Question

# In the given figure, $MGN$ is a triangle and $MP$ is perpendicular to $GN$. If $MG = a$ units, $MN = b$ units, $GP = c$ units and $PN = d$ units, prove that $\dfrac{{(a - b)}}{{(c - d)}} = \dfrac{{(c + d)}}{{(a + b)}}.$

In the given figure, $\Delta GMP$ is a right angled triangle.

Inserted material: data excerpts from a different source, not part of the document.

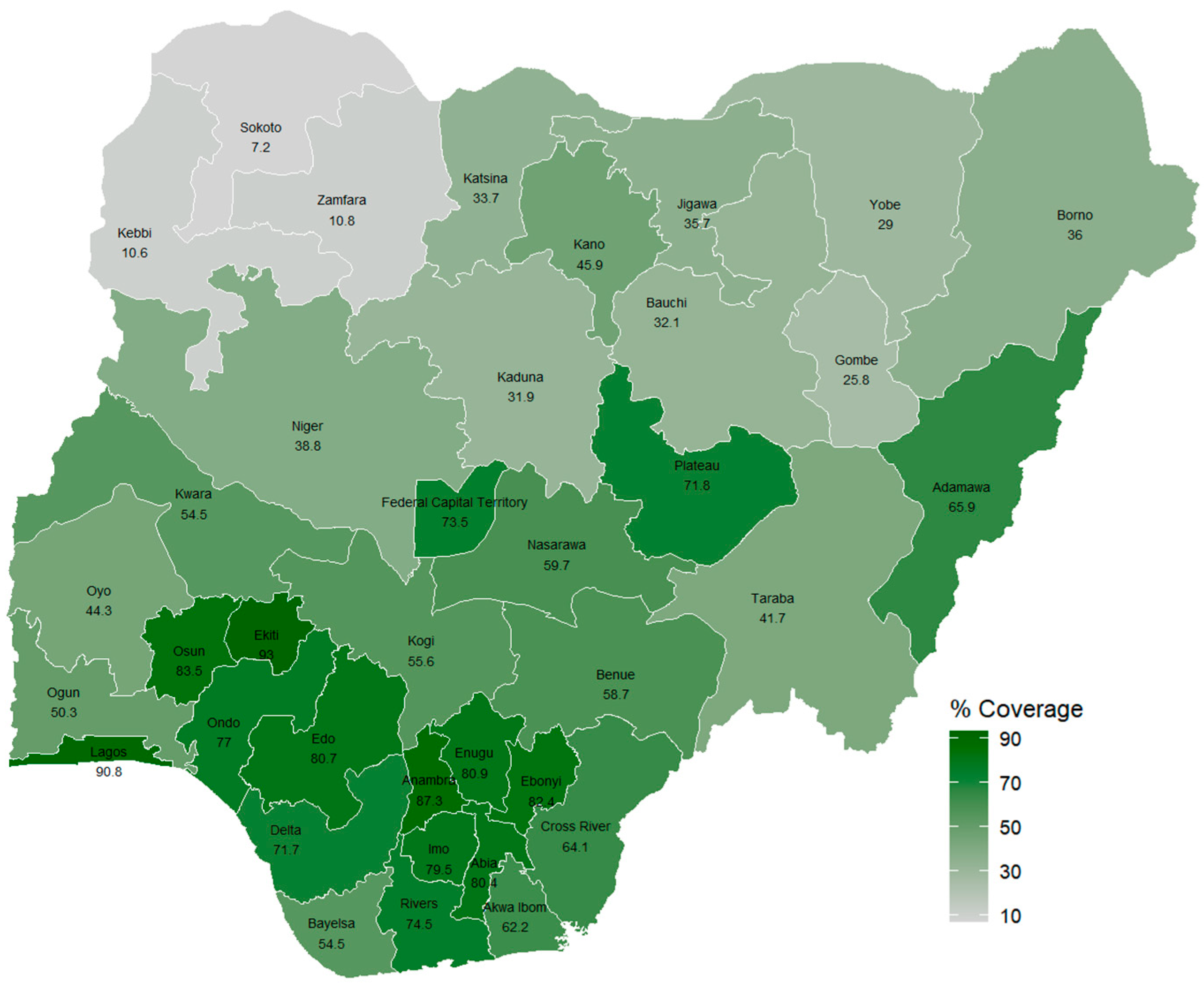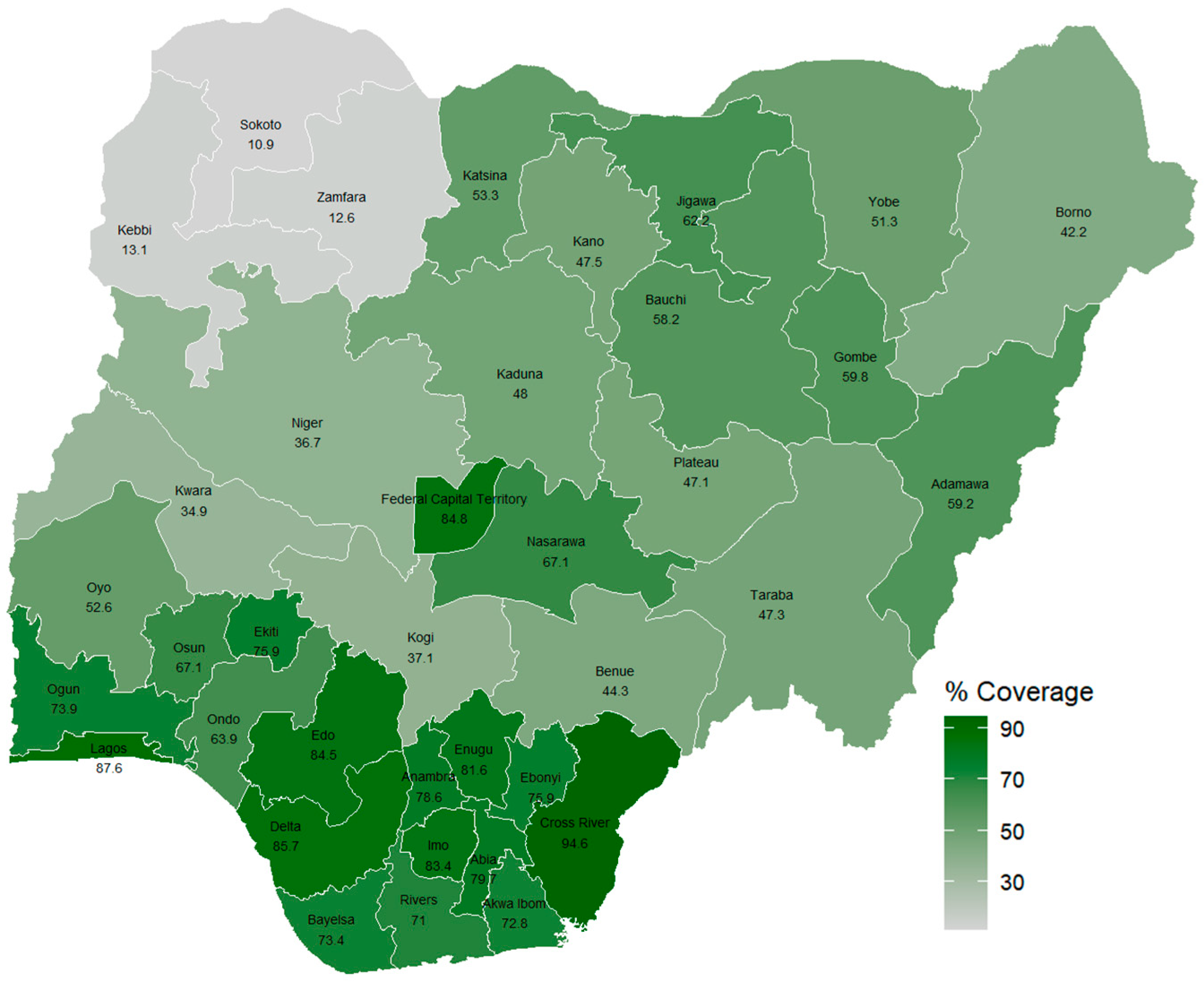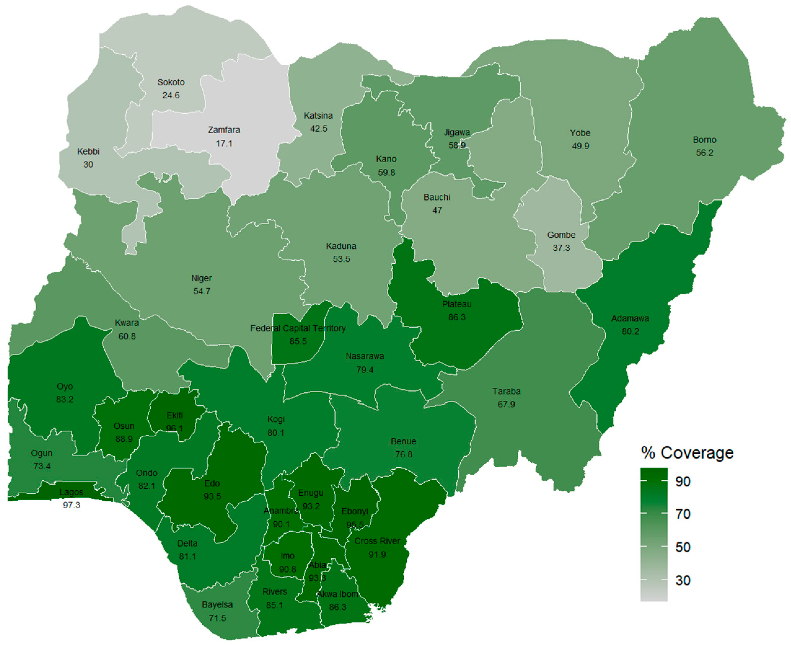 - National Population Commission (NPC) [Nigeria]; ICF. Nigeria Demographic and Health Survey 2018; NPC: Abuja, Nigeria; ICF: Rockville, MD, USA, 2019.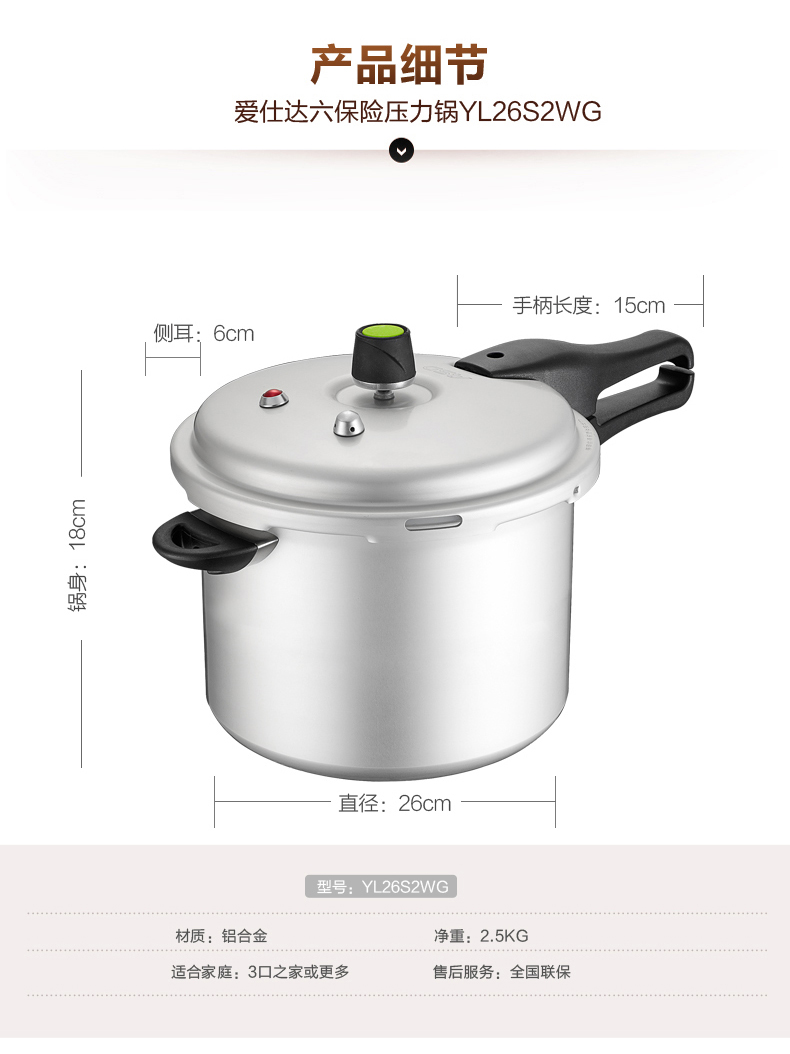 京东自营爆款推荐爱仕达 高压锅燃气 26cm压力锅明火 六保险/铝制防滑厚底 家用大容量YL26S2WG
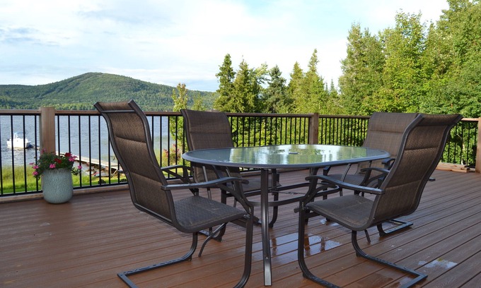 Enjoy the sunny deck with a table, chairs and barbecue that overlooks Lac La Belle and a panoramic view of Mount Bohemia. Enjoy the nights on the campfire patio by the waters edge.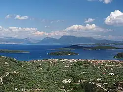 Located in Southern[151] and Southeast Europe,[152] Greece has the longest coastline on the Mediterranean basin, spanning thousands of islands and nine traditional geographic regions: Macedonia, Central Greece, Peloponnese, Thessaly, Epirus, Aegean Islands, Thrace, Crete and Ionian Islands. Greece consists of a mountainous, peninsular mainland jutting out into the sea at the southern end of the Balkans, ending at the Peloponnese peninsula (separated from the mainland by the canal of the Isthmus of Corinth) and strategically located at the crossroads of Europe, Asia, and Africa.[f] Its highly indented coastline and numerous islands give Greece the 11th longest national coastline in the world, with 13,676 km (8,498 mi);[158] its land boundary is 1,160 km (721 mi). The country lies approximately between latitudes 34° and 42° N, and longitudes 19° and 30° E, with the extreme points being:[159] the village Ormenio in the North and the islands Gavdos (South), Strongyli near Kastellorizo/Megisti (East), and Othonoi (West). The island Gavdos is considered the southernmost island of Europe.[160][161]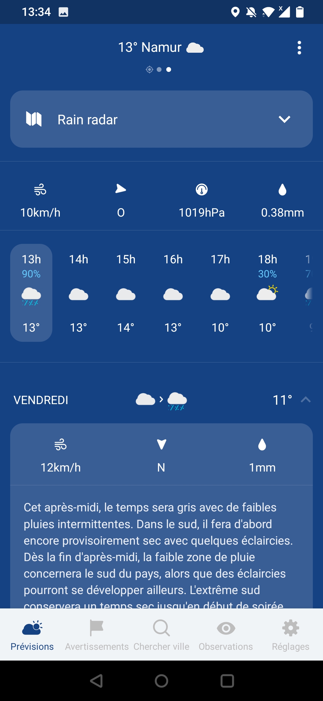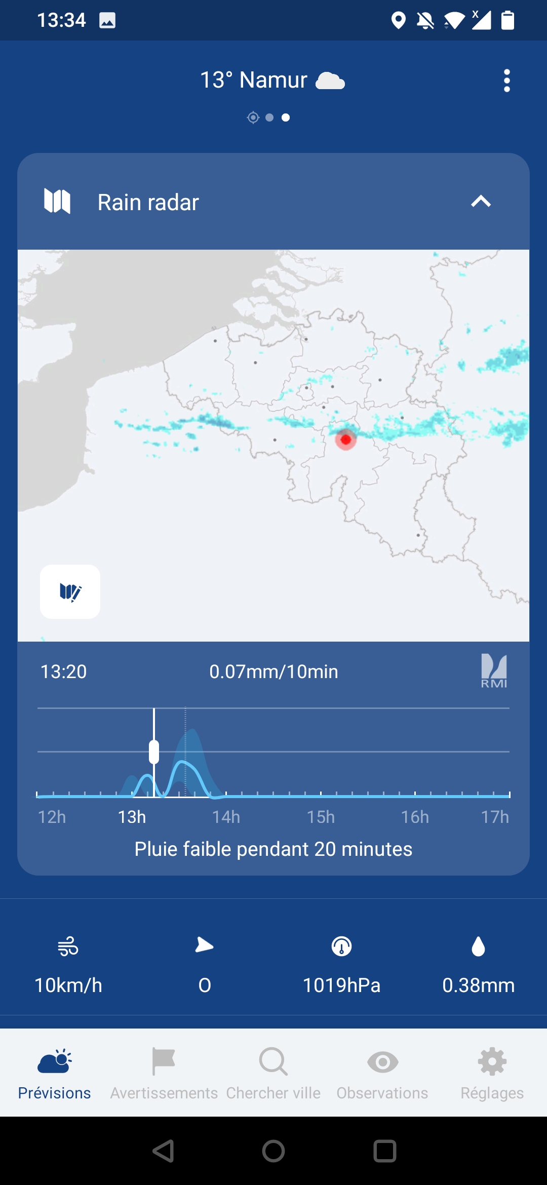 La nouvelle app de l'IRM fournit des prévisions horaires pour les 48 heures à venir, incluant les prévisions de température, de précipitations, de vent et de nébulosité tant pour votre emplacement que pour vos endroits favoris. En cliquant sur une heure précise, vous obtiendrez les prévisions de température, de vent et de précipitations pour l'heure choisie.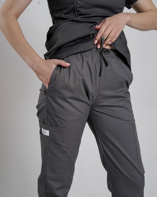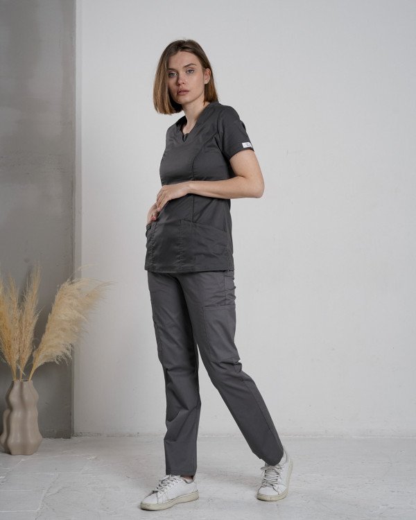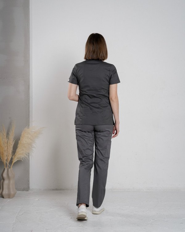 Брюки медицинские средней посадки, на поясе с эластичной тесьмой. Перед с боковыми отрезными карманами. На боковых швах накладные карманы.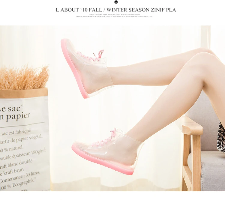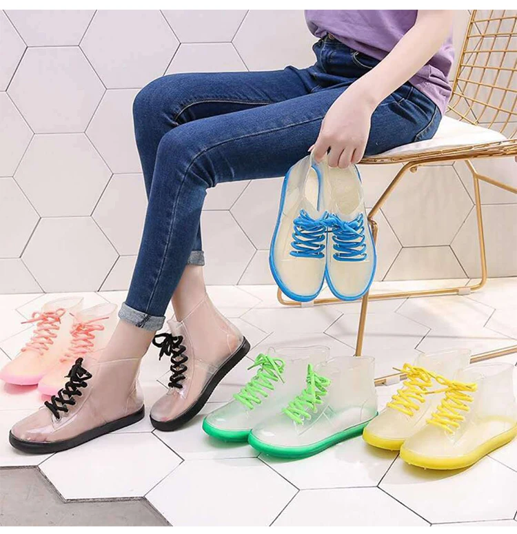Прозрачные дождевые ботинки водонепроницаемая обувь, модные желейны...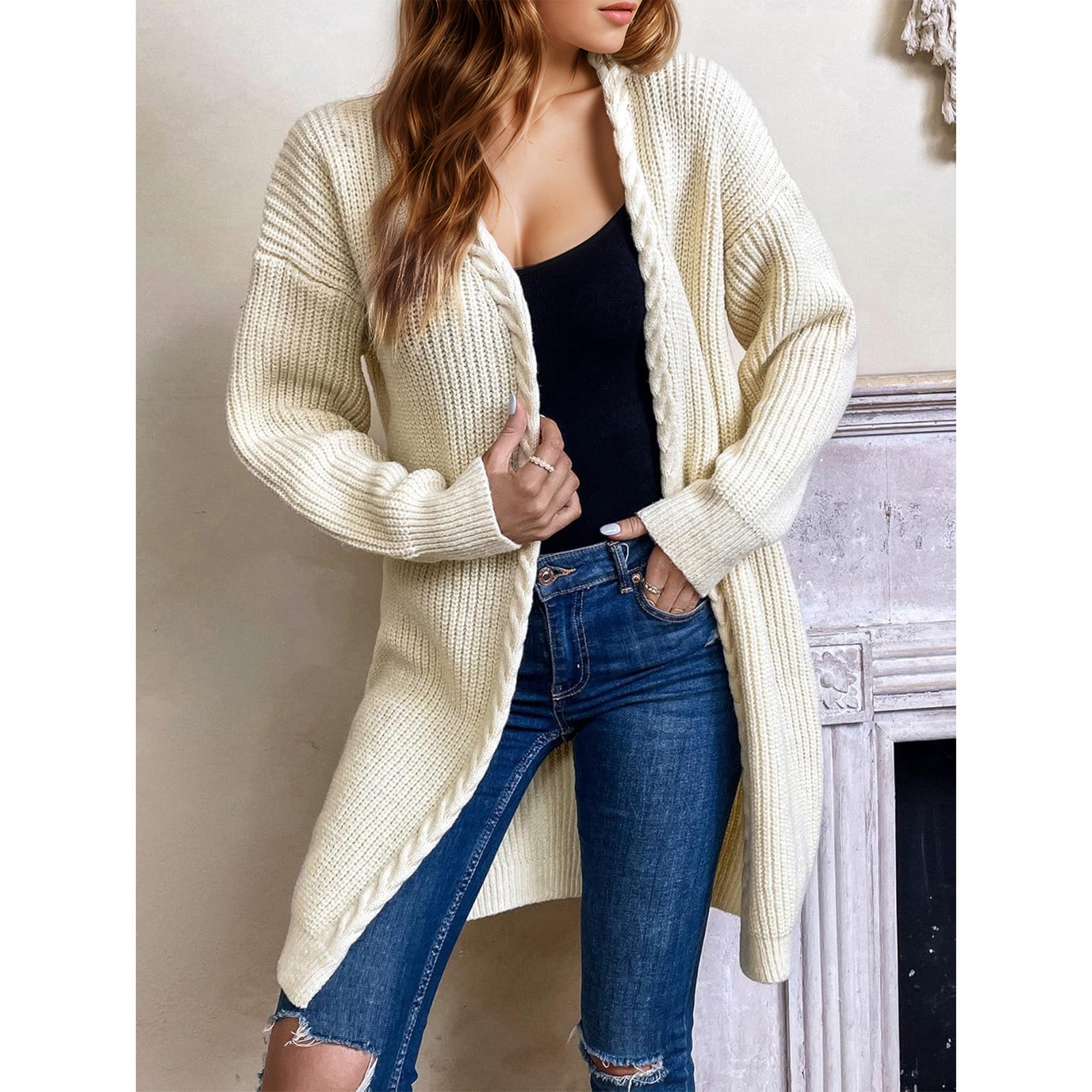 Womens Long Cardigan Sweaters Open Front White Chunky Cable Knit Duster Drop Shoulder Comfy Cardigan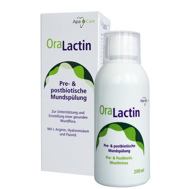 Апа Кеър ОраЛактин пробиотична вода за уста осигурява поддържане и установяване на здрава орална флора. Съдържа флуорид 250 ppmF, пребиотични субстанции, които създават здравословна микросреда, биоактивни постбиотични съставки, стимулиращи регенерацията, L-Arginin за защита от прекалена чувствителност на зъбите и хиалуронова киселина, която регулира влажността в устната кухина, намалява възпаленията и улеснява оздравителния процес в устата. Предлага се в опаковка от 200 мл.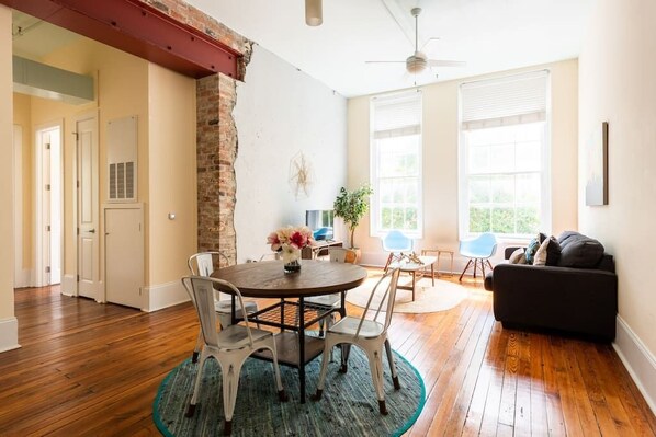 Historic Charm: Soaring 12-foot ceilings and massive windows that flood every room with natural light.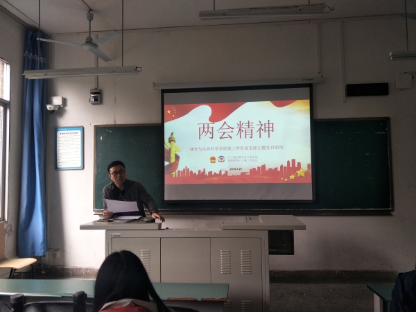 2019年3月27日,林学与生命科学学院党总支学生第二支部在听湖楼XJ-1205开展主题党日活动,活动主要以认真学习全国 “两会”精神为主题。专职组织员、学生第二支部书记贺方云老师主持会议。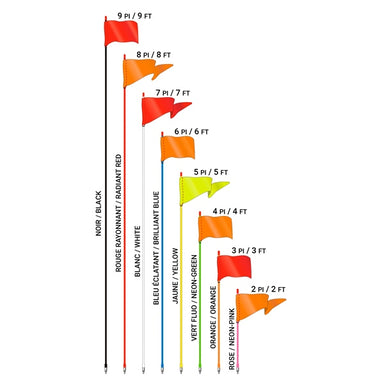 100% Oxford polyester orange safety flag mounted on a flexible 3/8" fiberglass rod. The colorful PVC shrink tubing protects each rod from sun-spli...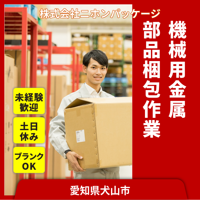 企業 株式会社ニホンパッケージ 給与詳細 月収例 190,000円 時給例 1,188円 勤務地 愛知県犬山市 仕事内容 ◎おすすめポイント!

So using Pythagoras theorem, we’ll get:
${(MP)^2} + {c^2} = {a^2}, \\ \Rightarrow {(MP)^2} = {a^2} - {c^2} .....(i) \\$
$\Delta MNP$ is also a right angled triangle. So using Pythagoras theorem again, we’ll get:
${(MP)^2} + {d^2} = {b^2}, \\ \Rightarrow {(MP)^2} = {b^2} - {d^2} .....(ii) \\$
From equation $(i)$ and $(ii)$, we have:
$\Rightarrow {a^2} - {c^2} = {b^2} - {d^2}, \\ \Rightarrow {a^2} - {b^2} = {c^2} - {d^2}, \\ \Rightarrow (a + b)(a - b) = (c + d)(c - d), \\ \Rightarrow \dfrac{{(a - b)}}{{(c - d)}} = \dfrac{{(c + d)}}{{(a + b)}}. \\$